■ Provided information ■
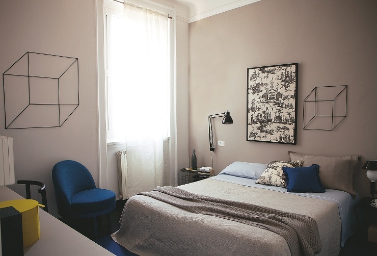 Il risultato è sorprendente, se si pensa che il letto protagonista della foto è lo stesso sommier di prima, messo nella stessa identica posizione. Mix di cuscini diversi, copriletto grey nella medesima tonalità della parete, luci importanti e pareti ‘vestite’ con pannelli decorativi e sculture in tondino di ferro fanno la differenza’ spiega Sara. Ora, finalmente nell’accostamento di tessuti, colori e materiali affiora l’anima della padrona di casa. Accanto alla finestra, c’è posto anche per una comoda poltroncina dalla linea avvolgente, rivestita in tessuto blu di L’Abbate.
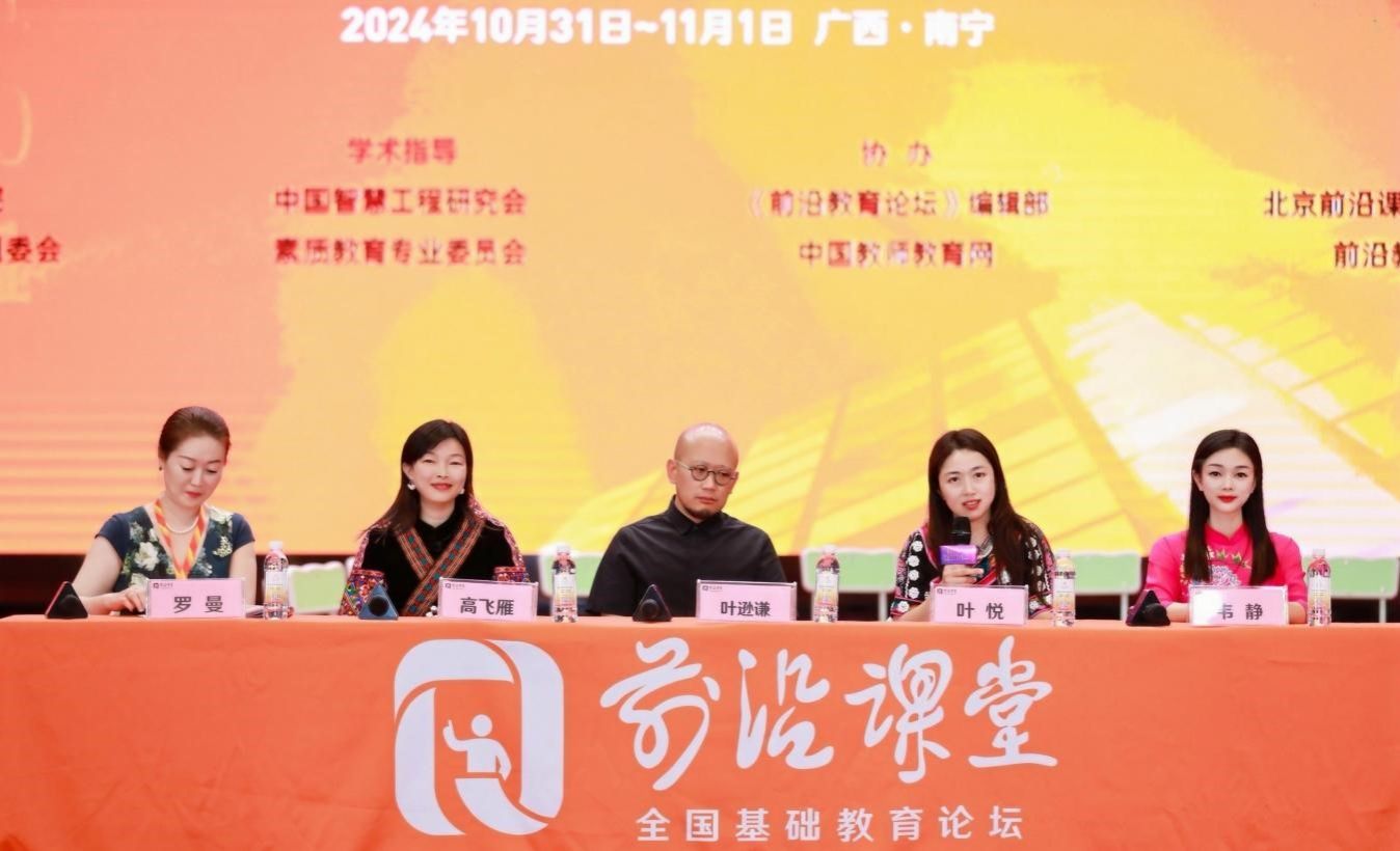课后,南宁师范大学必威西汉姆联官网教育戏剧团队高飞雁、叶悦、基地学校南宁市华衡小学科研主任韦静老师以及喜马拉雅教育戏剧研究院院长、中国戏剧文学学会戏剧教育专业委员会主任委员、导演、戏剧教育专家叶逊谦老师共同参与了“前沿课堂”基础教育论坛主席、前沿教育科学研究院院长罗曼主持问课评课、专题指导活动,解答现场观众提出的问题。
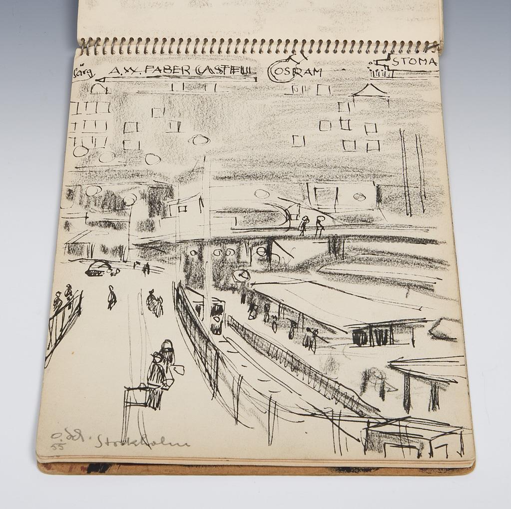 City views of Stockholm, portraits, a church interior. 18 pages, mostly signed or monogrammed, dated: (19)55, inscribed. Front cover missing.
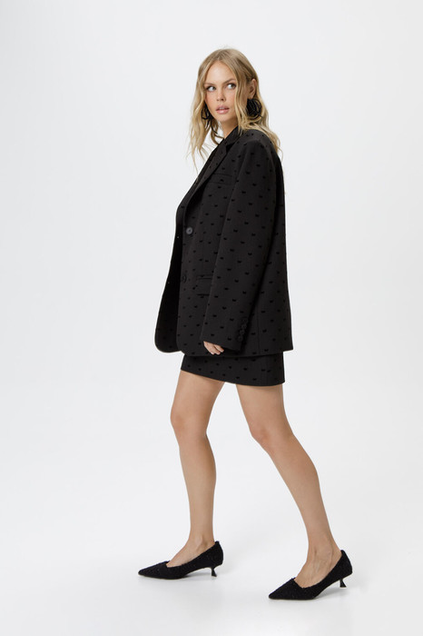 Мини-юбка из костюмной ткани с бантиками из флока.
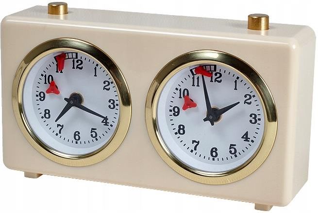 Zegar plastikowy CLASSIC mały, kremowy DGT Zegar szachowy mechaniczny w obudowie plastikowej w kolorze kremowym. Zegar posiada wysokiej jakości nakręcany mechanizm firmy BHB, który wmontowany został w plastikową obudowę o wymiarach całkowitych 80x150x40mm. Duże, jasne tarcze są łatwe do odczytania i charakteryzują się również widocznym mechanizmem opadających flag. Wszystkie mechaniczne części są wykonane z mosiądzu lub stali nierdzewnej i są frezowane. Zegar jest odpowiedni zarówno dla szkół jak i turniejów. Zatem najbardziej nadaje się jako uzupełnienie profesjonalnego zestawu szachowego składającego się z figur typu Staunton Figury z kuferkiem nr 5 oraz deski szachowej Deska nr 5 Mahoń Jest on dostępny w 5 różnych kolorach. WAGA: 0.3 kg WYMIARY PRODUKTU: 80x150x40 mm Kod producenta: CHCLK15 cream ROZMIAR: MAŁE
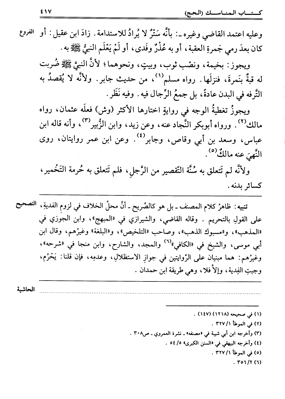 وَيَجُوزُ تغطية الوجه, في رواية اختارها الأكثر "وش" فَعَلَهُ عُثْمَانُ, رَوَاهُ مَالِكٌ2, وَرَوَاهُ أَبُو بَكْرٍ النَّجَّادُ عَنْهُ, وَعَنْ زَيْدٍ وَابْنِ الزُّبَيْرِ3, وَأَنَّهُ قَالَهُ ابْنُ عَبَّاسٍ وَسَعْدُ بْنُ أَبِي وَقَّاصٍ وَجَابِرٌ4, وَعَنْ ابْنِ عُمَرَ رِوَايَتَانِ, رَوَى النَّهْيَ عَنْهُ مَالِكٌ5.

--

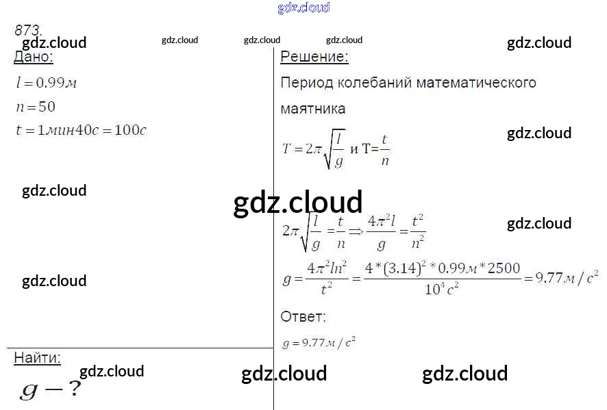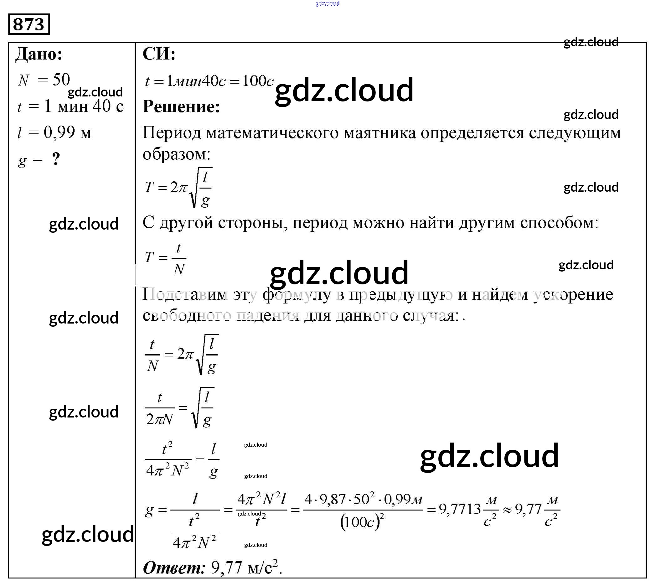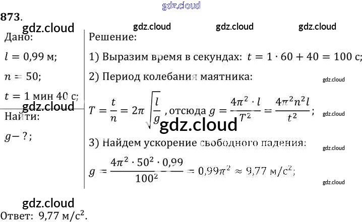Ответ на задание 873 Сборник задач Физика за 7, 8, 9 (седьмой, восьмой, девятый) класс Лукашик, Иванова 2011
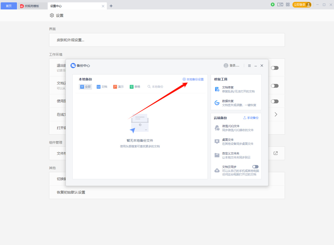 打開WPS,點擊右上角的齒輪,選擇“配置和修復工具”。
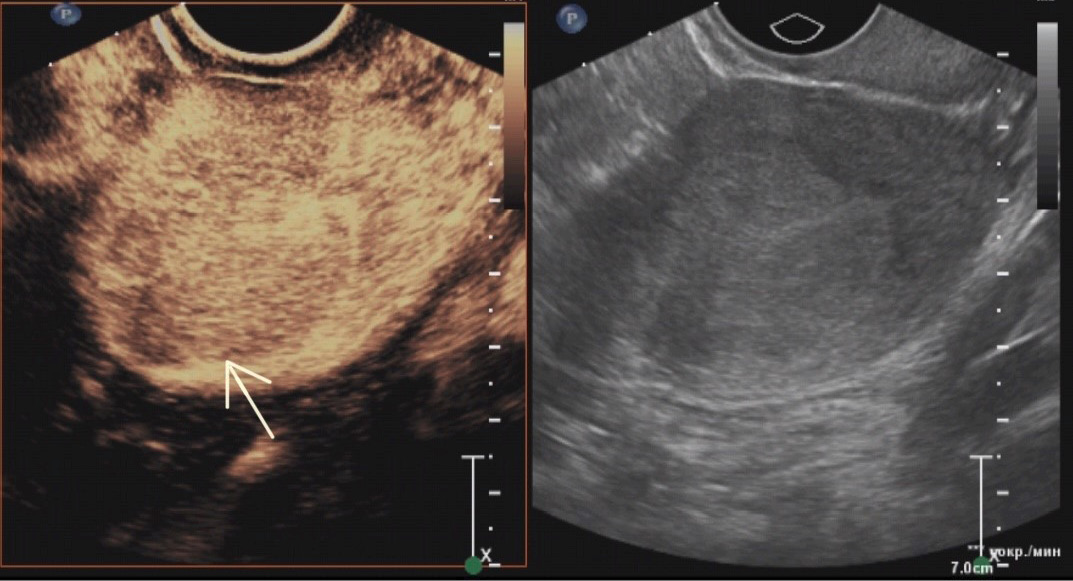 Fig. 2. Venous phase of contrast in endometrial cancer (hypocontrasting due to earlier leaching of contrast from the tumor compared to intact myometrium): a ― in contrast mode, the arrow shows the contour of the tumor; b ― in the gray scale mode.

■ Exercise requirements ■
Return exactly the part of the listing above that opens with the line containing "课后,南宁师范大学必威西汉姆" and closes with the line containing "Zegar plastikowy CLASSIC". Pictures stay out.

■ Exercise answer ■
课后,南宁师范大学必威西汉姆联官网教育戏剧团队高飞雁、叶悦、基地学校南宁市华衡小学科研主任韦静老师以及喜马拉雅教育戏剧研究院院长、中国戏剧文学学会戏剧教育专业委员会主任委员、导演、戏剧教育专家叶逊谦老师共同参与了“前沿课堂”基础教育论坛主席、前沿教育科学研究院院长罗曼主持问课评课、专题指导活动,解答现场观众提出的问题。
 City views of Stockholm, portraits, a church interior. 18 pages, mostly signed or monogrammed, dated: (19)55, inscribed. Front cover missing.
 Мини-юбка из костюмной ткани с бантиками из флока.
 Zegar plastikowy CLASSIC mały, kremowy DGT Zegar szachowy mechaniczny w obudowie plastikowej w kolorze kremowym. Zegar posiada wysokiej jakości nakręcany mechanizm firmy BHB, który wmontowany został w plastikową obudowę o wymiarach całkowitych 80x150x40mm. Duże, jasne tarcze są łatwe do odczytania i charakteryzują się również widocznym mechanizmem opadających flag. Wszystkie mechaniczne części są wykonane z mosiądzu lub stali nierdzewnej i są frezowane. Zegar jest odpowiedni zarówno dla szkół jak i turniejów. Zatem najbardziej nadaje się jako uzupełnienie profesjonalnego zestawu szachowego składającego się z figur typu Staunton Figury z kuferkiem nr 5 oraz deski szachowej Deska nr 5 Mahoń Jest on dostępny w 5 różnych kolorach. WAGA: 0.3 kg WYMIARY PRODUKTU: 80x150x40 mm Kod producenta: CHCLK15 cream ROZMIAR: MAŁE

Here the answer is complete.